# Problem of Resolution of Singularities: Past, Present, and Future

The problem of resolution of singularities, in its simplest form, asks the following: Given a variety $X$ defined over a field $k$ (say, the field $k$ is assumed to be algebraically closed, i.e., $k = \overline{k}$, for simplicity), construct a proper birational morphism $\pi:\widetilde{X} \longrightarrow X$ such that $\widetilde{X}$ is smooth over $k$ (i.e., nonsingular).

It is the celebrated work of Hironaka in 1960's that established the existential solution to the probelm. In 1980's Bierstone-Milman and Villamayor with his collaborators refined Hironaka's main ideas and sublimated them into a constructive and explicit algorithm. At the beginning of the 21st century, W{\l}odarczyk simplified the globalization process so that now even a beginning graduate student can understand the whole proof without hand-waving. On the other hand, no matter how wonderful the technical advances might have been, what remains at the core in characteristic zero is the inductive scheme on dimension by the notion of a (smooth) hypersurface of maximal contact.
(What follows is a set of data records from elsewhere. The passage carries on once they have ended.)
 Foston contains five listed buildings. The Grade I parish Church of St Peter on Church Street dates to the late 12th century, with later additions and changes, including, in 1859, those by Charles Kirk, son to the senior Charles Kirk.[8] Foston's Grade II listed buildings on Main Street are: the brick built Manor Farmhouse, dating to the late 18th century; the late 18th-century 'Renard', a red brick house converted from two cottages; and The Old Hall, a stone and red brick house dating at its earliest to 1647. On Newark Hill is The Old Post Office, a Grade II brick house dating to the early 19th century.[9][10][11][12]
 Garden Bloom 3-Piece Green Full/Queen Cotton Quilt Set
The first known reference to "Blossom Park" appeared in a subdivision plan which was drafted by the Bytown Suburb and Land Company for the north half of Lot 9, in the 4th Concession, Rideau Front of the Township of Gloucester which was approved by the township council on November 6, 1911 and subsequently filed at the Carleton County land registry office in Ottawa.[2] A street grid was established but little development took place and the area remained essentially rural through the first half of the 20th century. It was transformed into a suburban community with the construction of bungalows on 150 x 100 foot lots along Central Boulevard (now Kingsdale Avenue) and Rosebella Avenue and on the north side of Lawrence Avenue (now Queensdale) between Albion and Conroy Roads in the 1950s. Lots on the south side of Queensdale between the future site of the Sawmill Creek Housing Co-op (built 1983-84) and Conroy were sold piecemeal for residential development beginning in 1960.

In positive characteristic, in contrast, it is the lack of a (smooth) hypersurface of maximal contact and hence the lack of an apparent inductive scheme on dimension that restricted the known results to lower dimensions. Many methods have been known classically for resolution of singularities of a curve, \text{a variety of dimension 1.} Lipman's result provides resolution of singularities of an excellent scheme of dimension 2 in general. Cossart-Piltant removed the restriction on the characteristic of the base field from Abhyankar's result, and thus establishing resolution of singularities of a 3-fold in any positive characteristic. It may feel odd at first when one finds that embedded resolution of singularities of a 3-fold (and hence the ambient space where the 3-fold is embedded is of higher dimension) remains open.

I should mention that Hironaka has announced a proof of resolution of singularities in positive characteristic in all dimensions. To the best of my knowledge, however, nobody seems to have been able to confirm the details of the alleged proof so far.
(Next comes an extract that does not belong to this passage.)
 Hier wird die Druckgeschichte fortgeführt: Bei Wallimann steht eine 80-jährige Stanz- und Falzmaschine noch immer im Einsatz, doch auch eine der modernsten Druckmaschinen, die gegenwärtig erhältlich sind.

I will start my talk demonstrating the meaning of the problem of resolution of singularities by showing some entertaining pictures. The goal of my talk is not to exhaust all the historical results mentioned above. Rather the emphasis is on explaining the inductive scheme on dimension by a smooth hypersurface of maximal contact in characteristic zero, and then on explaining our approach in positive characteristic, initiated by H. Kawanoue; how to introduce a new inductive scheme by allowing singular hypersurfaces of maximal contact. Our approach has been successful, providing a systematic proof for embedded resolution of singularities of a surface. But we still fall short of establishing embedded resolution of a 3-fold. I will discuss the major difficulty known as the Moh-hauser jumping phenomenon, and how we plan to overcome this difficulty.